Cold War () is a 2018 historical drama film directed by Paweł Pawlikowski, who co-wrote the screenplay with Janusz Głowacki and Piotr Borkowski. It is an international co-production by producers in Poland, France and the United Kingdom. Set in Poland and France during the Cold War from the late 1940s until the 1960s, the story follows a musical director (Tomasz Kot) who discovers a young singer (Joanna Kulig), exploring their subsequent love story over the years. The film, which was loosely inspired by the lives of Pawlikowski's parents, also features Borys Szyc, Agata Kulesza, Cédric Kahn and Jeanne Balibar in supporting roles.
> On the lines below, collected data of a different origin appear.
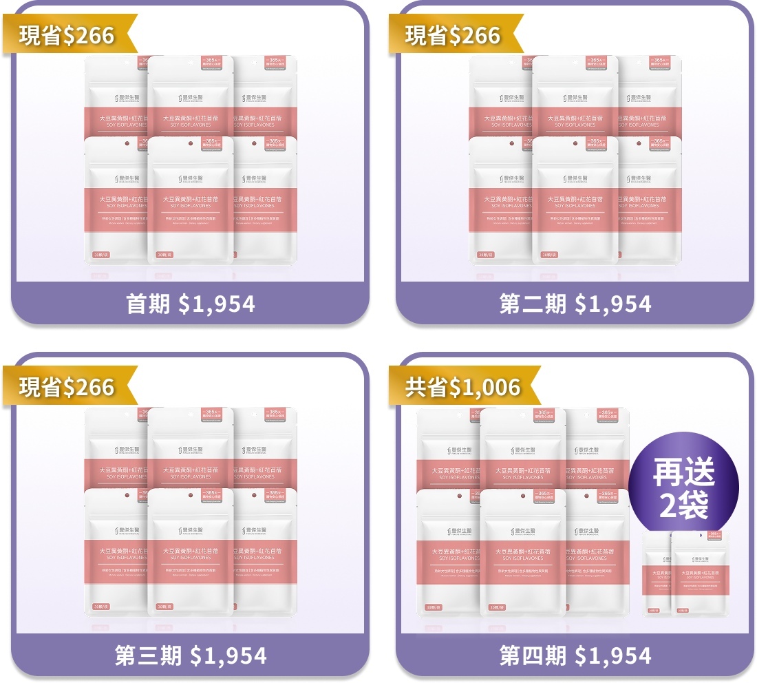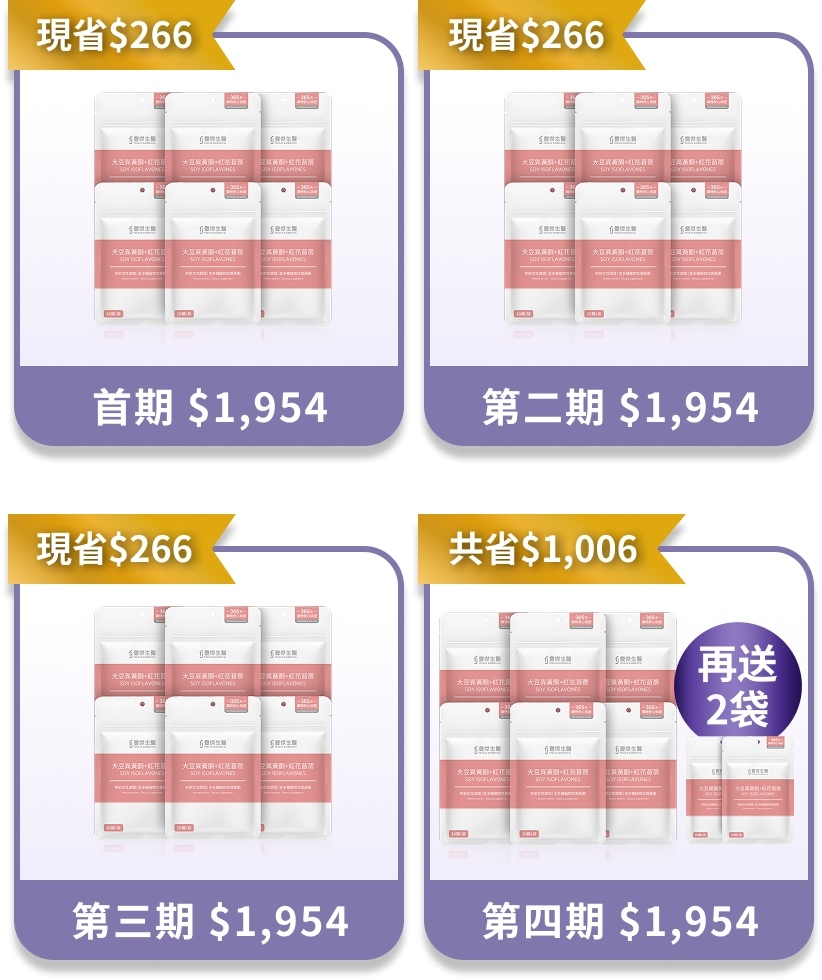 指定定期購商品,【大豆異黃酮+紅花苜蓿】定期購 第四期再送2袋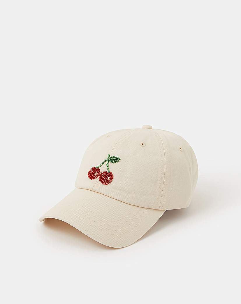 Beaded Cherry Baseball Cap Talk about a sparkly five-a-day, this cap features a beaded cherry on a neutral canvas. Perfect for pairing with a tee and jeans, you've got your weekend outfit sorted! Composite: Cotton 100%
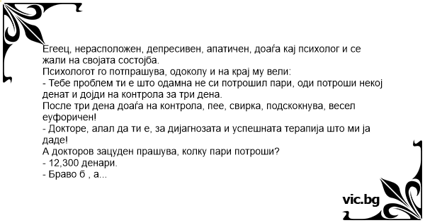 - Докторе, алал да ти е, за дијагнозата и успешната терапија што ми ја даде!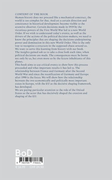 CONTENT OF THE BOOK Human history does not proceed like a mechanical construct, the world is too complex for that. And yet a certain direction and consistency in historical development become visible to the attentive observer. Certain decisions made in 1919 by the victorious powers of the First World War led to a new World Order. If we wish to understand today's events, as well as the drivers of the actions of the political decision-makers, we need to know the principles that are shaping the decisions underpinning power and domination in this new World Order. This is the only way to recognize a structure in the supposed chaos around us. We want to serve this learning from history with our book. The insights gained ask us to take a close look each time, when political decisions are made. The consequences must be borne not only by us, but even more so by the future inhabitants of this planet. This book aims to use critical events to show how this process proceeded and what important results it has led to. The relationship between France and Germany after the Second World War and since the reunification of Germany and Europe after 1990 is the focus. We will show how the relationship between the two economically and politically most important states in Europe, with the EU as the decisive shaping framework, has developed. We are paying particular attention to the role of the United States as the actor that has decisively shaped the creation and shaping of the EU.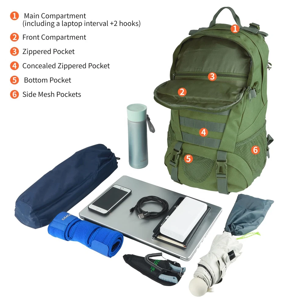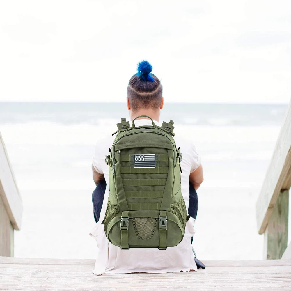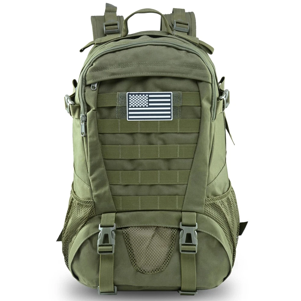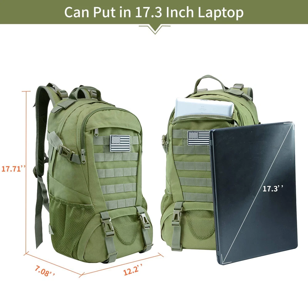 【DURABLE & WATERPROOF】Made of High-quality nylon material assault pack is tear-resistant, which guarantees for your long term use. Outer nylon material with a waterproof function can protect your item inside being wet in inclement weather 【MOLLE DESIGN & FOAMED PROTECTED】Molle system design provides portability for you to combine with knives, pockets, hooks or other small gadgets. This molle hiking daypack comes with a USA Flag Patch stick on the front can make you stand out when in the forest. The foamed back part and padded shoulder straps make you feel comfortable even it loads a lot 【CAPACITY】30L capacity versatile backpack includes 2 main compartments(the bigger compartment has a laptop interval and the other main compartment has an interior zippered pocket), 1 front pocket, 1 pocket on the bottom and 1 water bottle net pouches on each side. It’s roomy and big enough for the items you want to carry 【STABLE STRAPS】The chest and waist straps with fasten buckles make it easy for you to buckle the straps in seconds to stable the trekking backpack. The buckle strap on both sides and the 2 compression fasten buckle straps on the bottom enhance the army backpack’s stability when moving 【MULTIPURPOSE BACKPACK】Moderate backpack is perfect for your outdoor activities like survival in the wild, camping, hiking, hunting, military or even treated as a day pack is perfect. This cool backpack is not just for men but also fits for women
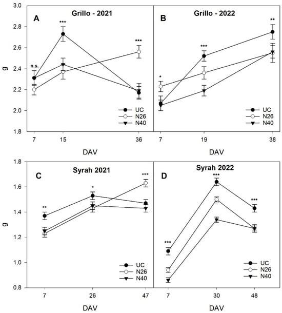 Mean berry weight with standard error for each treatment. Subplot (A) illustrates the berry weight for the Grillo variety in 2021, subplot (B) for Grillo in 2022, subplot (C) for Syrah in 2021, and subplot (D) for Syrah in 2022. Significance levels are indicated as follows: * p < 0.05, ** p < 0.01, *** p < 0.001. “n.s.” indicates non-significant differences.

Cold War premiered at the 2018 Cannes Film Festival on 10 May 2018. Critics praised its acting, screenplay, direction and cinematography. The film has received numerous accolades, including three nominations at the 91st Academy Awards (Best Foreign Language Film, Best Director and Best Cinematography) and four at the 72nd BAFTA Film Awards, as well as six awards from seven nominations at the 31st European Film Awards, winning the main Best Film Award.

Plot
In post-World War II Poland, Wiktor and Irena are holding auditions for a state-sponsored folk music ensemble. Wiktor's attention is immediately captured by Zula, an ambitious and captivating young woman who is faking a peasant identity and is on probation after attacking her abusive father. Wiktor and Zula quickly develop a strong, obsessive attraction and have sex after a performance. Wiktor and Irena are pressured by bureaucrats to include pro-Communist and pro-Stalinist propaganda in their performances—in exchange, the troupe would be allowed to tour the Eastern Bloc. Wiktor and Irena are opposed to this, but the career-driven, opportunistic Kaczmarek agrees, and a resentful Irena quits. Kaczmarek is also interested in Zula and pressures her into spying on Wiktor for him, but Zula does not reveal any incriminating information. The ensemble visits East Berlin, Wiktor plans to flee to the west with Zula, and the two affirm their love and passion. Zula fails to come to the rendezvous with Wiktor and he crosses the border alone.

Years later, Zula meets Wiktor in Paris, where he is working at a jazz club. They both have other partners but their continued mutual attraction is clear. When Wiktor asks Zula why she failed to appear with him to cross the border, she says that she lacked confidence in herself. A year later, Wiktor attends one of the troupe's performances in Yugoslavia, where Zula spots him in the audience and becomes visibly shaken. Two years later, Wiktor is working as a film score composer in Paris, where Zula reunites with him. She has married another man to obtain a visa so that she could travel to Paris and be with Wiktor. Wiktor attempts to build a singing career for Zula. He embellishes her backstory to make her more interesting to film producer Michel, which annoys Zula. Zula becomes jealous of Wiktor's past lovers, and as work on her record strains their relationship, she begins to drink heavily and misbehave in public. Wiktor and Zula finish Zula's record, but a disappointed Zula remains frustrated and unhappy. She reveals that she had an affair with Michel and insults Wiktor, and he strikes her. She later disappears, and Wiktor confronts Michel, who reveals she has returned to Poland.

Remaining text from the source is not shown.